The comparative analysis between the VITS and xTTS text-to-speech models was conducted using Whisper large_v3 for speech-to-text transcription, aiming to evaluate the performance of synthesized audio outputs across various content categories. These categories included News, Dialogue, Education, Public Announcements, Accessibility, Advertisements, and Navigation. By transcribing the synthesized audios of these two models and calculating the Word Error Rate (WER) and Character Error Rate (CER), the study sought to provide a comprehensive understanding of each model's effectiveness in generating natural, accurate speech across a diverse range of applications.

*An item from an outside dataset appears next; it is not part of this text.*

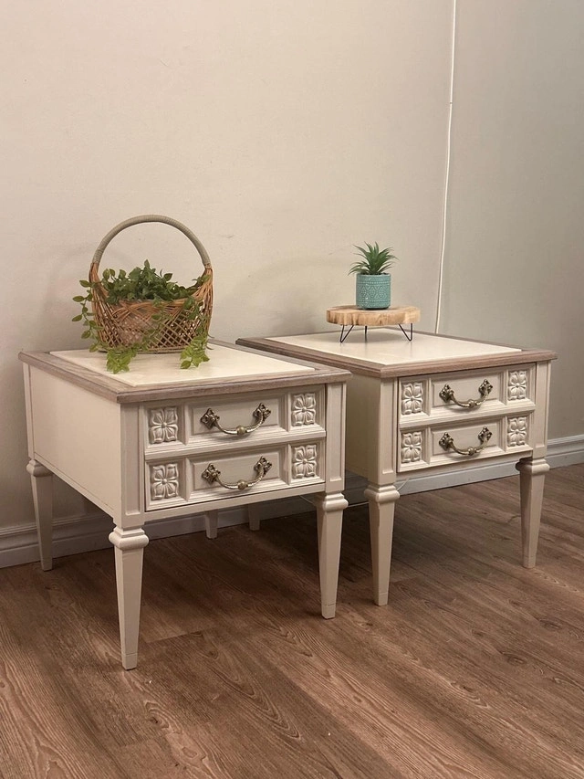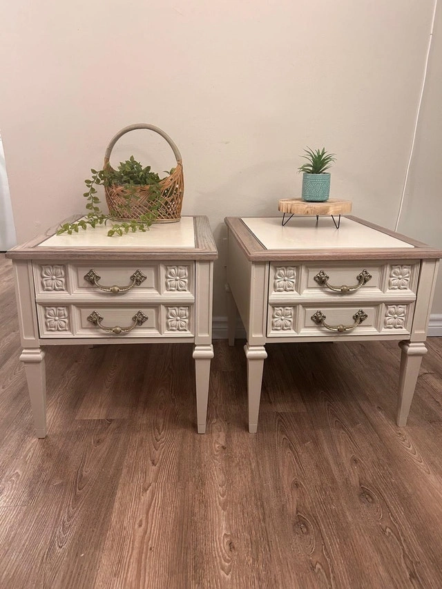 For sale is a beautiful set of two matching nightstands/end tables. They have been refurbished with a lovely soft cream/off-twhite finish and a light wood-tone top and trim. Each nightstand features one functional drawer with ornate carved fronts and original brass-tone hardware, providing great storage. These are perfect as bedside tables or as side tables for your living room. Dimensions (Approximate): • Height: 54.5 cm • Width: 51 cm • Depth: 66.5 cm Price is for the pair. For Sale By: Owner

The results revealed that the xTTS model outperformed the VITS model in terms of both WER and CER, with the xTTS model achieving a WER of 0.32 and a CER of 0.10, compared to the VITS model's WER of 0.47 and CER of 0.18. This indicates that the xTTS model has a higher accuracy in mimicking human speech, making fewer mistakes in word selection and character representation in the transcribed text. Such findings suggest that the xTTS model may be more reliable for applications requiring high precision in speech synthesis, such as educational content, public announcements, and accessibility features, where clear and accurate communication is paramount.

This comparison sheds light on the potential applications and suitability of each model for various tasks. The superior performance of the xTTS model, particularly in generating content for Education, Navigation, and Accessibility, highlights its capacity to produce more intelligible and natural-sounding speech. On the other hand, while the VITS model exhibits a higher error rate, it still holds value for applications where the ultimate realism and naturalness of the speech may not be as critical. This study underscores the importance of selecting the right text-to-speech model based on the specific needs of the application, ensuring that the synthesized audio meets the desired criteria for accuracy and intelligibility.